Yassin al Haj Saleh writes: Forty-four years ago, on an autumn day like this one in 1970, Hafez al-Assad seized power in Syria by military coup. The man had been minister of defense during the June 1967 war with Israel, which ended in a disastrous defeat for the Arabs and Syria. Thirty years later, he passed down control over the ‘republic’ to his son Bashar, a move unprecedented on the global stage except in North Korea and Azerbaijan. Forty-four months ago, a revolution erupted against the son’s rule, and he confronted this revolution, from the very beginning, with war. This war has developed into a number of wars, involving numerous sides, now including the participation of the Americans and their allies in opposition to the ‘Islamic State’ that occupies regions in the north east of the country and has spread its control into parts of Iraq. At the same time, the Assad state – along with its Iranian, Lebanese, and Russian allies – continues to wage war against those areas that have gone out of its control over the course of the revolution.

This moment in time – marking simultaneously the passage of forty-four months and forty-four years – should provide an opportunity to examine the Syrian microcosm, as well the global macrocosm that surrounds it.

This sequence of six posts will begin from the fact that this shorter period of forty-four is a continuation of the longer forty-four rather than a break with it, a deepening of the situation and not a rupture with it. The shorter period of forty-four explains the longer forty-four, sheds light on its more hidden dimensions: the longer forty-four provides precedents and beginnings, which we see come to completion only in the shorter forty-four.

This series of posts will constitute a vacillating back-and-forth movement that has three parts: between two periods of time, a long one and a short one; between two worlds, a small Syrian one and a greater international one; and between the lower and higher levels of Syrian society and of the world.
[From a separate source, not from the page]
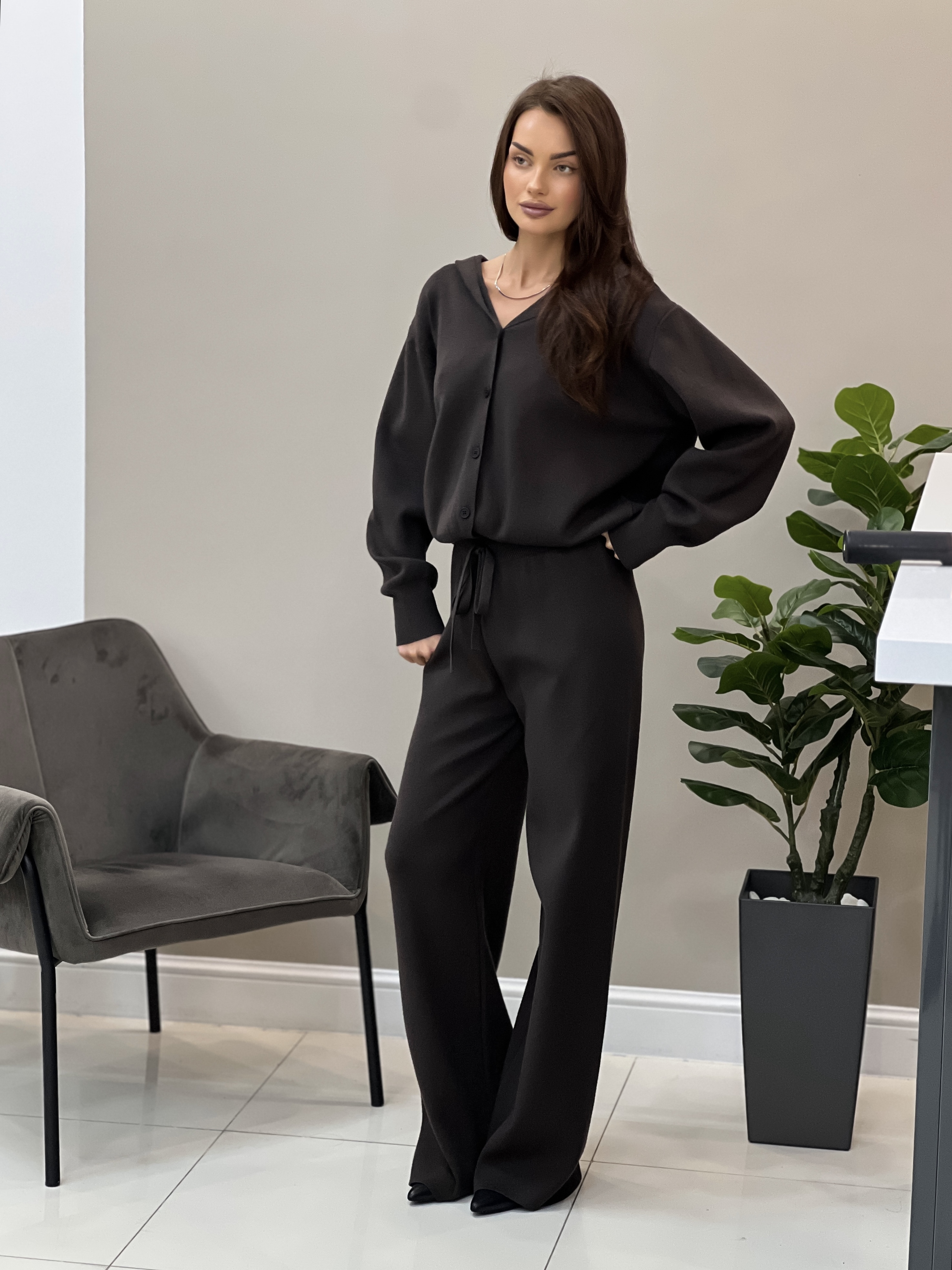 Кардиган с капюшоном из мягкого трикотажа. Размер единый. Подходит на XS/S/M. Талия на резинке. Составит комплект с брюками Aspen.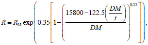 where R28 = B + 12 is the compressive strength at the design age of 28 days (MPa), t is the time in hours, DM is the degree of maturity of concrete, determined by the integral (Eq. 4):

Despite the fact that Syria is not known well, and the fact that it remains unknown after forty-four months of extreme struggle, these texts will not seek merely to produce definitions. Rather, the texts will try to renew the nature of the current approaches and lines of perspective, a step that can then lead to definitions. The reason that Syria remains unknown in the West and the world at large is that the dominant approaches representing the country make the population invisible, indeed nonexistent. A change of approach is necessary in order for us to become visible, for us to exist. [Continue reading…]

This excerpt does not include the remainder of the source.